Received: September 28, 2022
Peer-review started: September 28, 2022
First decision: October 21, 2022
Revised: November 1, 2022
Accepted: December 21, 2022
Article in press: December 21, 2022
Published online: January 15, 2023

ARTICLE HIGHLIGHTS

Research background

According to reports, circular RNAs (circRNAs) have a major role in cancer biology. Some circRNAs have been reported to function as oncogenes or tumor suppressors in colorectal cancer (CRC).

Research motivation

To further clarify the function of circRNAs for the development of CRC.

Research objectives

This paper aims to clarify the expression pattern, biological function, and underlying mechanism of circ_0001658 of CRC tumorigenesis.

Research methods

A series of in vitro experiments were performed. CircRNA expression profile using the GEO database was analyzed, and circRNAs with differential expression in CRC and normal tissue samples were detected. Quantitative real-time polymerase chain reaction and western blot were performed for the analysis of the expression of circ_0001658, miR-590-5p, and methyltransferase-like 3 (METTL3) mRNA expression levels in tissues and cells. Using Cell counting kit-8 and flow cytometry, cell proliferation, apoptosis, and the cell cycle were observed and studied.

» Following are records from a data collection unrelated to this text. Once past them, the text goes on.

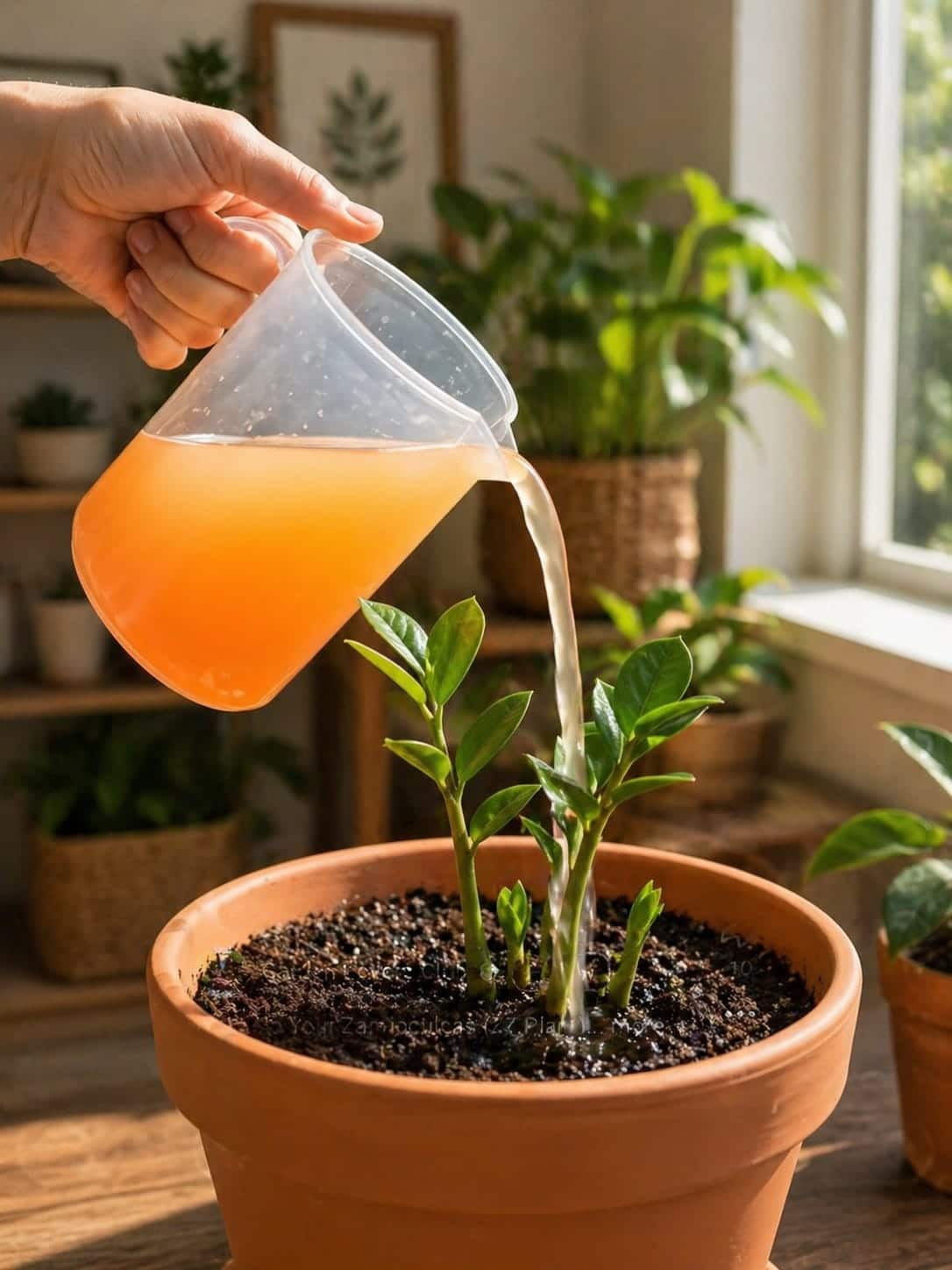 For plants like ZZ plants, moderation is especially important. ZZ plants are tough, drought-tolerant houseplants with thick underground rhizomes that store water. They do not like constantly wet soil. If you pour rich homemade liquid into the pot too often, the roots and rhizomes may rot. The orange liquid trick can be a gentle support only when the plant is already growing in the right conditions: bright indirect light, well-draining soil, and a pot with drainage holes.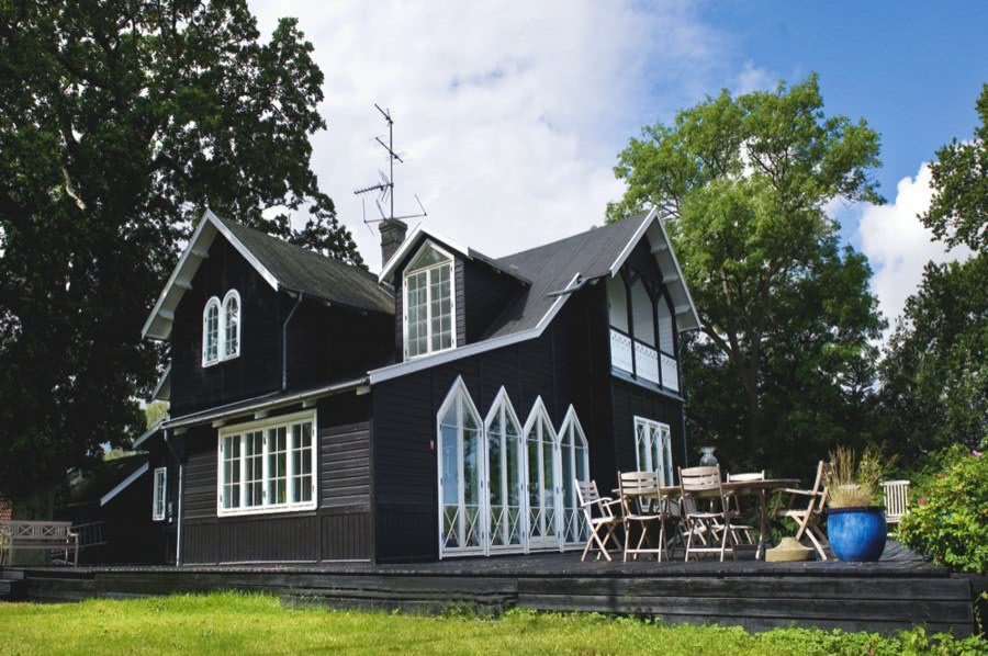 Темный фасад дома с контрастной крышей подойдет для новаторов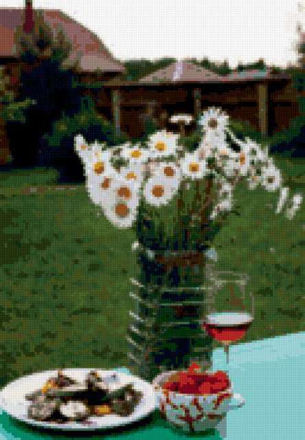 Ориентировочно так, схема вышивки «Unnamed-734950», созданная автором malkinaiv, будет выглядеть при отшиве на канве. Размер данной вышивки равен 132x190 крестов, при этом используется 59 цветов. Ключевые слова, по которым можно найти эту схему: натюрморт, пейзаж, цветы, букет, ромашки. Также, вы можете взглянуть на оригинальную картинку, соответствующую данной схеме вышивки.
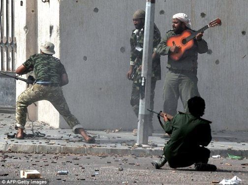 在卡扎菲家鄉蘇爾特,利比亞當局武裝士兵正與效忠卡扎菲的部隊激烈交火,戰場上一名男子淡定彈奏吉他引人注目。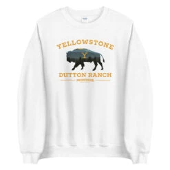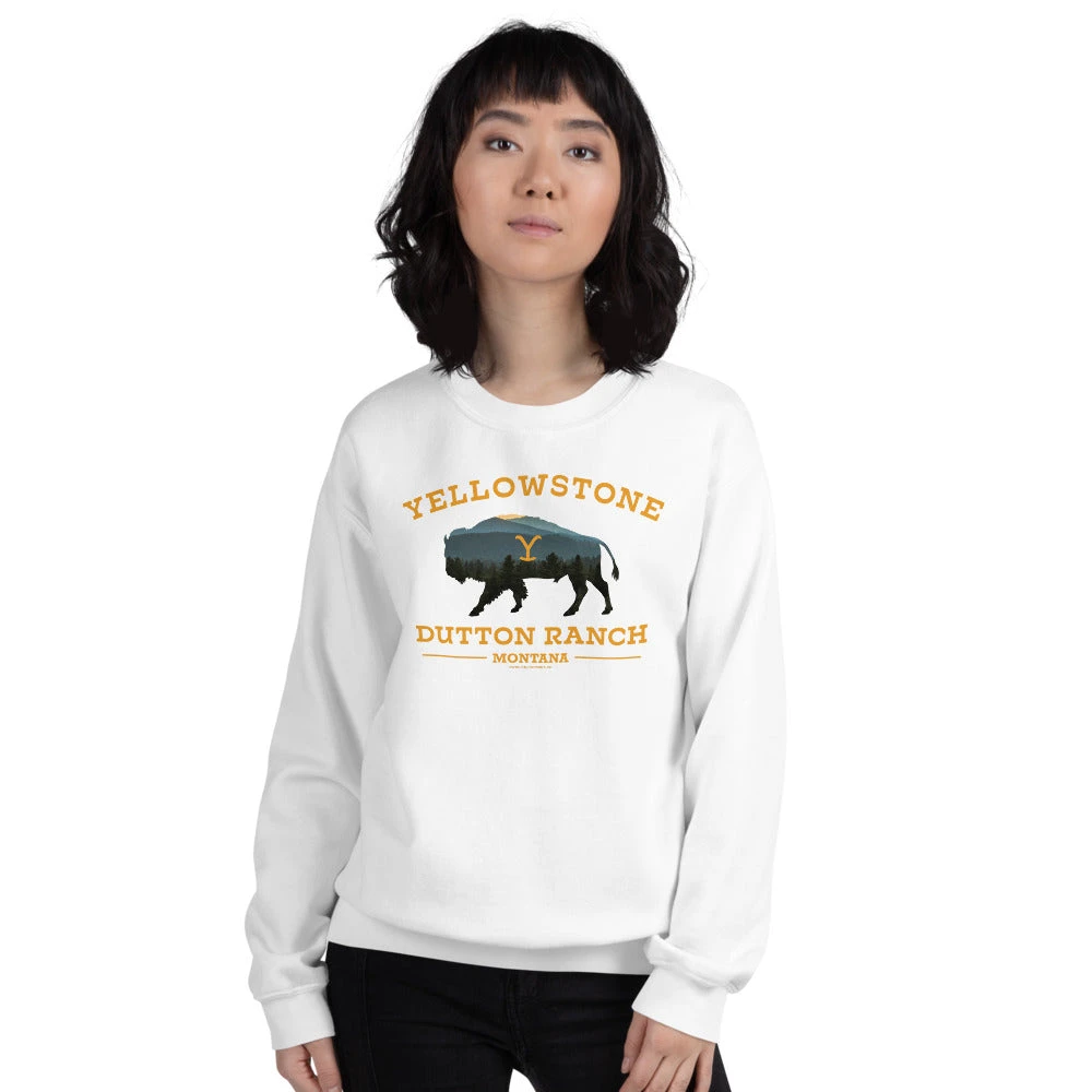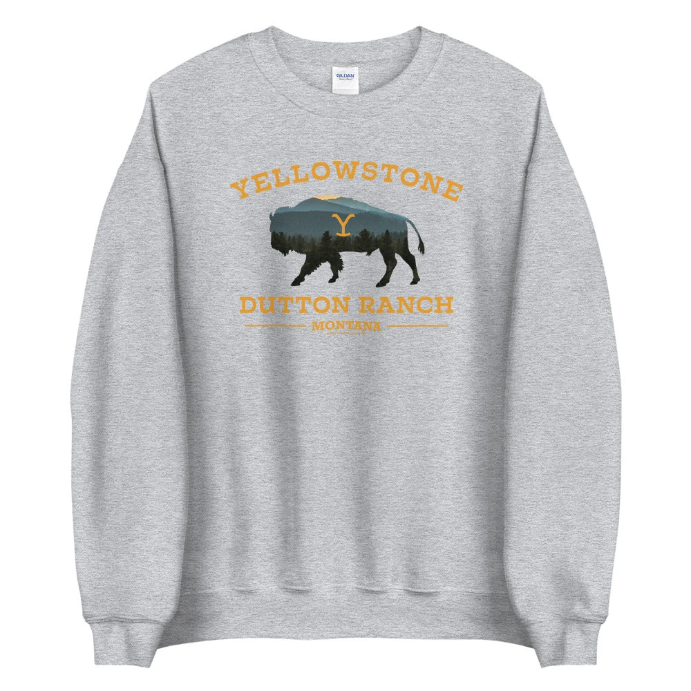 You will feel like an official ranch hand when you wear this Yellowstone Dutton Ranch Bison Unisex Crew Neck Sweatshirt. With a cozy fit for your Yellowstone marathons, this Dutton Ranch sweatshirt is perfect for any fan of the series.

The targeting relations between circ_0001658, miR-590-5p, and METTL3 mRNA 3'UTR were under the verification of bioinformatics prediction and dual luciferase reporter gene assay.

Research results

circ_0001658 is significantly expressed in CRC tissues and cell lines. It enhances cancer cells' malignant biological activities, including proliferation, resistance to apoptosis, and cell cycle progression, via repressing miR-590-5p and up-regulating METTL3.

Research conclusions

circ_0001658 is an oncogenic circRNA in CRC, and it works as an endogenous RNA that competes with miR-590-5p and METTL3.

Research perspectives

circ_0001658 may have the potential to give and employ a therapeutic target and diagnostic biomarker for CRC.